Sollozando convulsivamente, el chiquillo, porque era un chiquillo, casi un niño, a pesar del falso aspecto de torete, tomó los cigarrillos, y se dejó llevar por los agentes.

Mascaranti se levantó y se acercó a la ventana.

– El sol – dijo.

En efecto, toda la ventana se había encendido de un rosa neblinoso, la niebla se había vuelto rosa y la luz de la lámpara ya no se advertía.

– Ve a buscarme a otro – dijo Duca, echando una ojeada a la lista, y no al sol que intentaba en vano entrar por la ventana -. Federico dell'Angeletto.

Pero tampoco este Federico dell'Angeletto dijo nada, ni quién había llevado el anís a la clase, ni quién empezó a ensañarse con la maestra. No había visto nada, lo obligaron a quedarse en la clase y a beber, de manera que se quedó dormido.

– ¿Además te dormiste? – preguntó Duca con voz muy baja.

La desvergüenza de ciertos individuos sobrepasa todo límite. Pretendía que se creyera que él estaba durmiendo mientras sus diez compañeros torturaban y mataban a la maestra.

– Sí – respondió Federico dell'Angeletto -, apenas bebo un poco me entra sueño.

– Sí, claro – dijo Duca -, entonces vete a dormir.

Tampoco dio resultado alguno el interrogatorio del undécimo muchacho, Michele Castello, de dieciséis años, con dos de reformatorio. Sus compañeros le habían obligado a beber y estar allí, y requerido a que dijese quiénes eran los compañeros que le habían obligado, respondió que estaba atemorizado y que esos momentos no conseguía recordarlos.

– Tienes razón – le dijo Duca, haciendo una seña a los agentes para que se lo llevaran -, pero con diez años de cárcel recobrarás la memoria, ya verás.

Eran casi las ocho. El taquígrafo estaba casi deshecho de sueño y de cansancio. Mascaranti resistía, pero tenía que estar mucho más cansado que él.
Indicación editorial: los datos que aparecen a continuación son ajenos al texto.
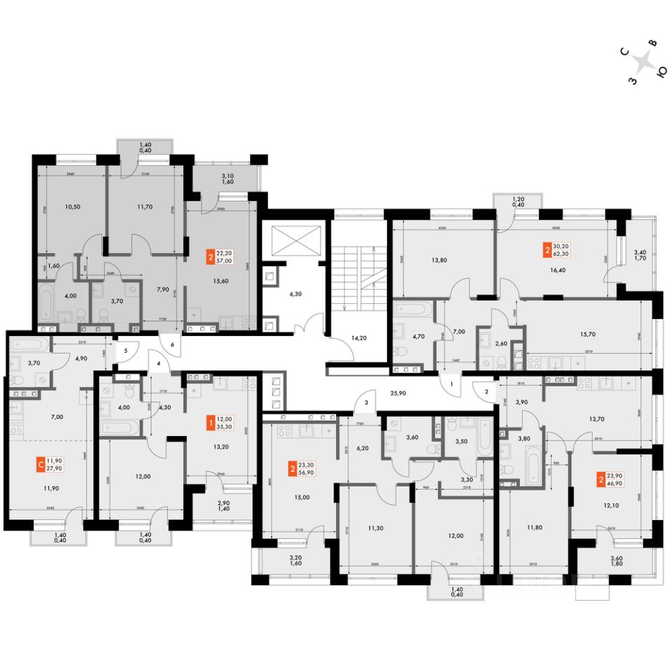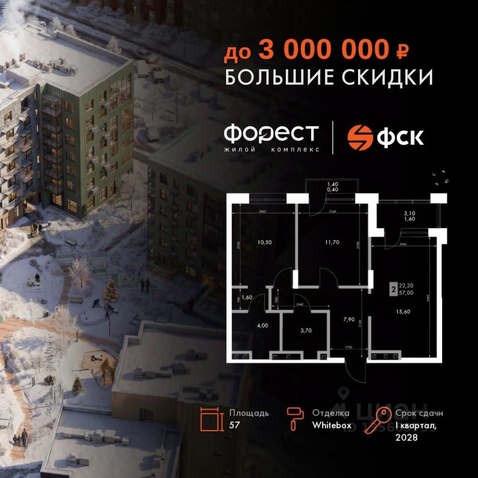 Продаётся 2-к квартира номер 52 общей площадью 57 кв.м. на 4-м этаже 6 этажного здания. Отделка Whitebox. Цена с учётом скидки.

– Volveremos a vernos por la tarde – dijo Duca -, así firmaré los interrogatorios.

– Sí, doctor – contestó el taquígrafo.

– Volveré dentro de un par de horas – terció Mascaranti.

– No, por favor, duerme, por lo menos, hasta las dos – dijo Duca.

Esperó a que todos se hubieran ido y llamó por teléfono a su casa.

– ¿Qué tal, Livia? – preguntó a la blanda y, no obstante, seca voz de Livia Ussaro.

– Le ha vuelto la fiebre – dijo ella.

– ¿Cuánto?

– Cuarenta y uno, rectal.

Pensó él que significaba cuarenta y medio.

– ¿Y la respiración?

– No me gusta.

La voz de ella era una voz cansada, mucho.

– ¿Le puso la enfermera la inyección Leather?

– Sí, a las seis; hace dos horas, pero no le ha hecho ningún efecto.

Duca se dio cuenta de que tenía la frente llena de sudor, a pesar de que no hacía demasiado calor en el cuarto. En efecto, se pasó la mano por la frente y la retiró bañada como si la hubiese metido en un trapo empapado.

– Hay que llamar a Gigi.

Quería decir su colega, el pediatra.

– Ya lo hice. Vendrá en seguida – dijo Livia -. Ha dicho que tal vez sea mejor llevarla al hospital y ponerla en una tienda de oxígeno.

Pulmonía a poco más de dos años: no es irremediable, pero tampoco es una nonada.